Mahmod Abbas (below)and Hamas leader Khaled Meshaal (above) hailed
a new Palestinian “partnership” after talks to implement a landmark
reconciliation deal.
Let me think about this one.... Hamas, an arm of the CIA funded Muslim Brotherhood, and Fatah, branch of Israeli Zionism now see past their difference and are joining hands in unison? Sounds like some fiddling around from Tel Aviv going on here.
November 26, 2011
Speaking to reporters after several hours of talks, the two
leaders said they had managed to iron out their differences and turn over a new
page in their strained relationship.
“We want to assure our people and the Arab and Islamic world
that we have turned a major new and real page in partnership on everything do
to with the Palestinian nation,” Mr. Meshaal said.

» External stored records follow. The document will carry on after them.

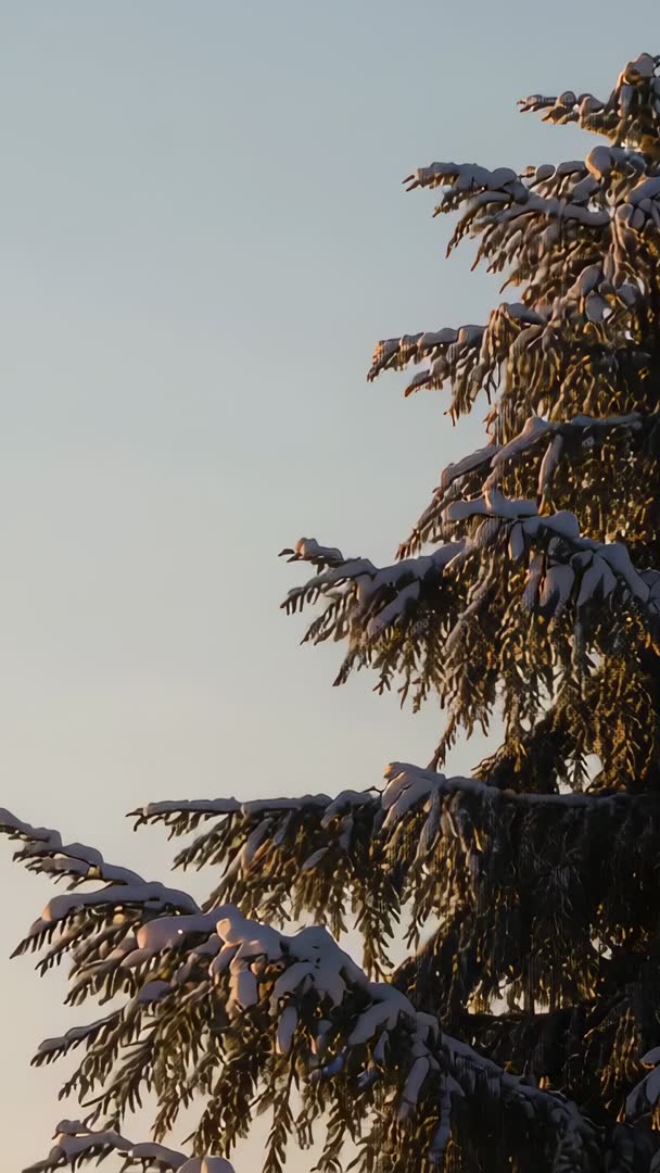 - Small bird perching on snow-covered fir branch at golden hour vertical nature video
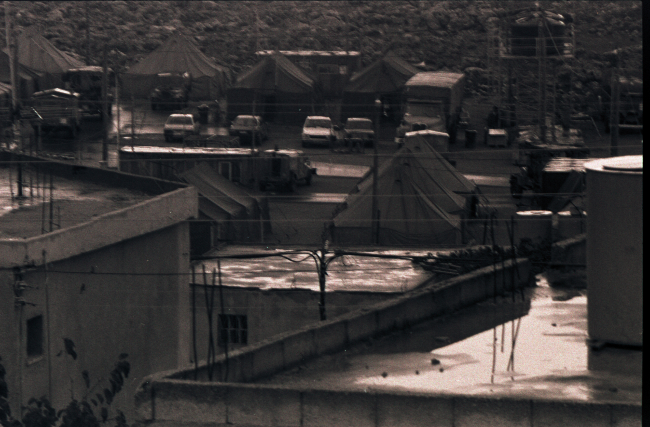 صورة غير ملونة، يظهر فيها اسطح بيوت وسيارات في بلدة بيت ساحور عام 1989. وجدت في مجموعة الصحفي دانيال
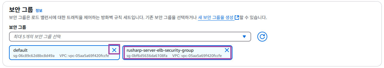 - 기존 보안 그룹 (default) 삭제 > 위에서 생성한 보안 그룹 선택
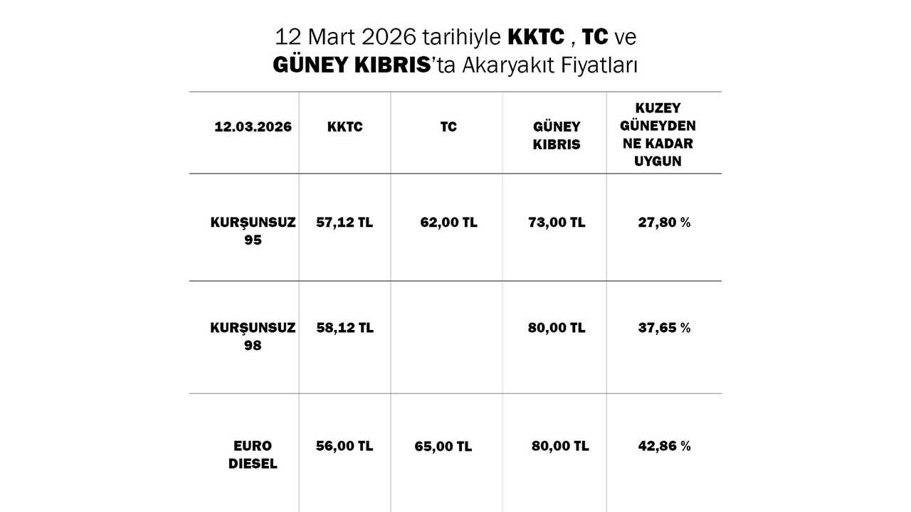 Euro dizelde ise fark daha da artıyor. KKTC’de litre fiyatı 56 TL olan euro dizel, Türkiye’de 65 TL, Güney Kıbrıs’ta ise 80 TL civarında satılıyor. Buna göre Kuzey Kıbrıs’taki euro dizel fiyatı Güney’e göre yüzde 42,86 daha düşük.
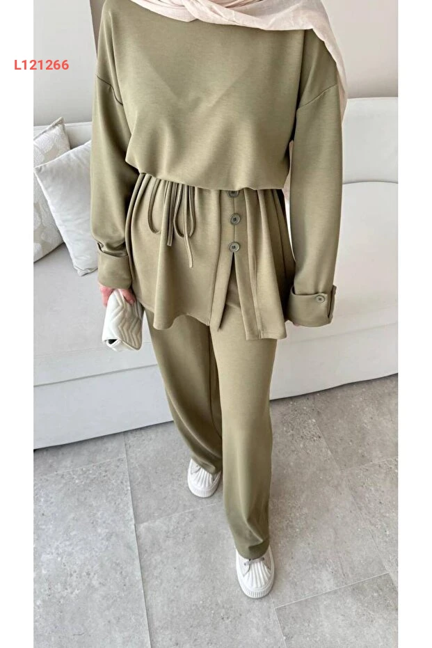 اكتشفي أناقتك مع طقم Molly Nelly الذي يتضمن بلوزة وسروال فضفاض مزود بأزرار، حيث يجمع بين الراحة والأناقة في تصميم واحد. مصنوع من أقمشة خفيفة تسمح لك بالحركة بحرية، ويضفي مظهرًا عصريًا يناسب جميع المناسبات. ارتدي هذا الطقم لتكوني نجمة كل حضور!
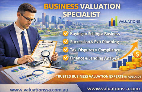 Business Valuation Specialist In Adelaide | Trusted Valuation ExpertsLooking for an experienced business valuation specialist in Adelaide? Valuations SA** provides professional, independent, and accurate business valuation services to support confident financial and strategic decisions. Our qualified business valuation specialists assist with: ? Buying or selling a business ? Business succession & exit planning ? Taxation, capital gains & compliance ? Family law, disputes & legal matters ? Finance, lending & investment analysis At Valuations SA, we use industry-recognised valuation methodologies, in-depth market analysis, and local Adelaide expertise to deliver clear, defensible, and compliant valuation reports tailored to your business needs.
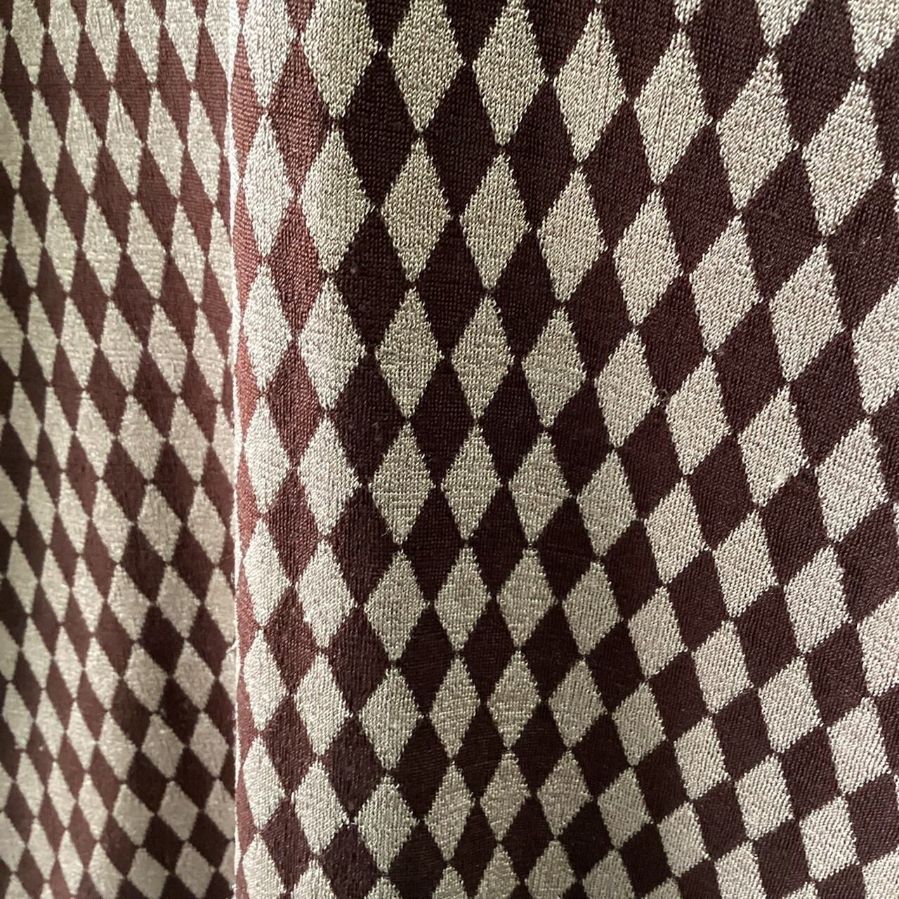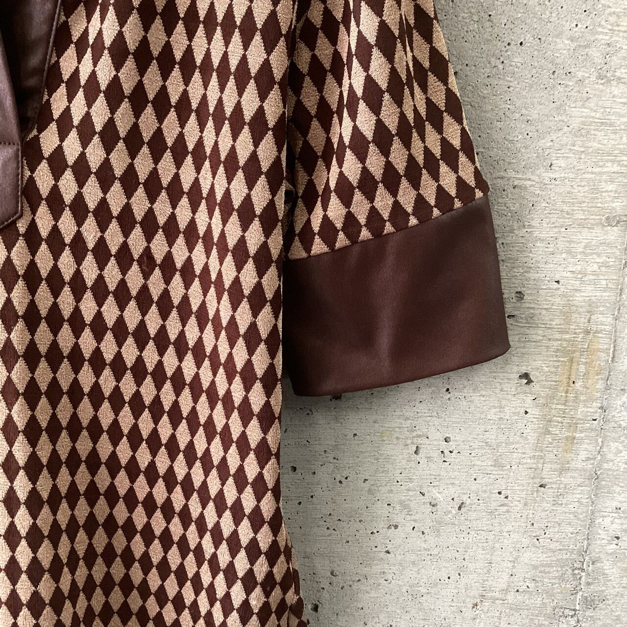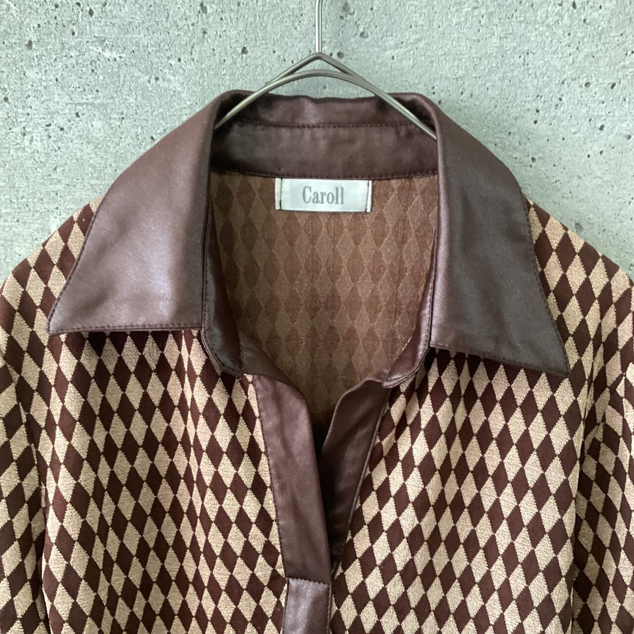 ダイヤ柄と、レザーのような光沢のあるニットの切り替えトップスです。
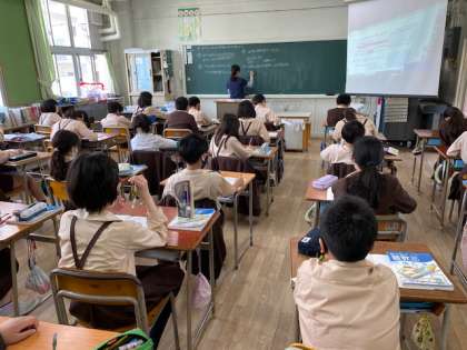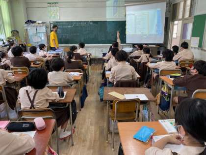 本日3時間目、5年生1・2組の授業のようすです。どちらも算数で、「ガラスの水槽の容積」を計算する学習をしています。
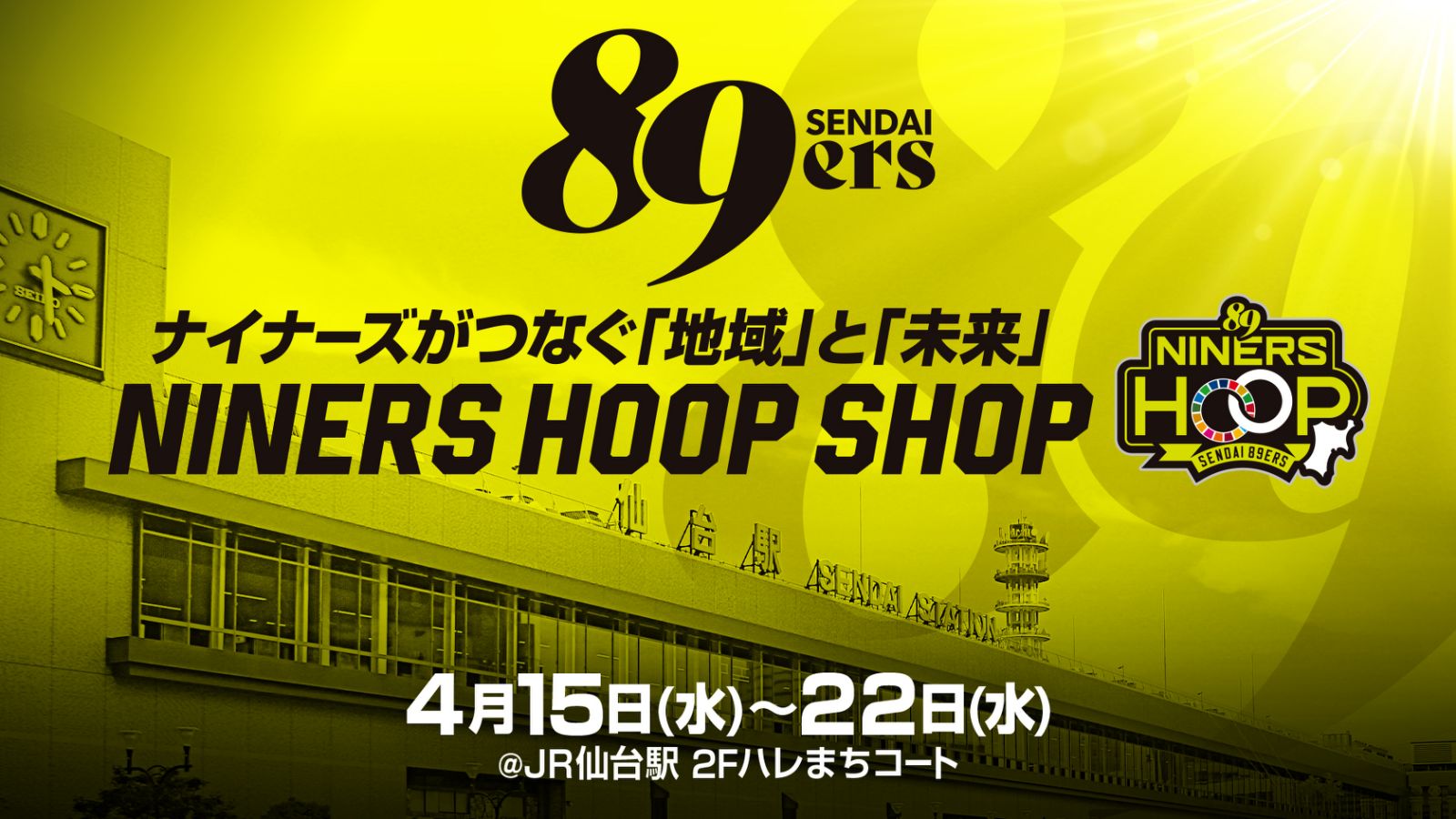 仙台89ERSは、地域とのつながりをさらに深めるポップアップイベント「NINERS HOOPショップ」を、2026年4月15日(水)から4月22日(水)までJR仙台駅2Fハレまちコートで開催いたします。
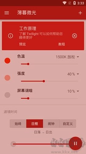 薄暮微光汉化版,一款专注于睡眠辅助的专业软件。它会依据时间的推移,智能变换屏幕显示画面。当太阳落下,它能自动去除手机、平板屏幕发出的蓝光,转而呈现令人舒适的红色光,悉心呵护你的双眼。如此,身体内负责调节作息的激素得以正常分泌,助你拥有更香甜的睡眠。要是你常常睡眠不稳,那就赶紧前往kk网站体验一番吧。

“There are no more differences between us now,” added President
Abbas, who heads the Fatah movement. “We have agreed to work as partners with
joint responsibility.”
It was the first time the two men had held face-to-face talks
since they met to sign a reconciliation deal in early May.
Fatah official Azzam al-Ahmed told AFP the talks had focused on
terms of the unity agreement and on how it should be implemented.
All the movements who signed the reconciliation agreement in May
will be invited to put the final touches on it and start applying it on the
ground, and to move forward towards ending the division, and elections,” he
told AFP.
They also discussed “the question of a truce in the West Bank
and Gaza with Israel, and the question of popular resistance,” he said.
Key issues on the agenda were a unified Palestinian strategy,
hammering out an interim government, reforming the Palestine Liberation Organization
(PLO) and agreeing on a date for elections, officials said.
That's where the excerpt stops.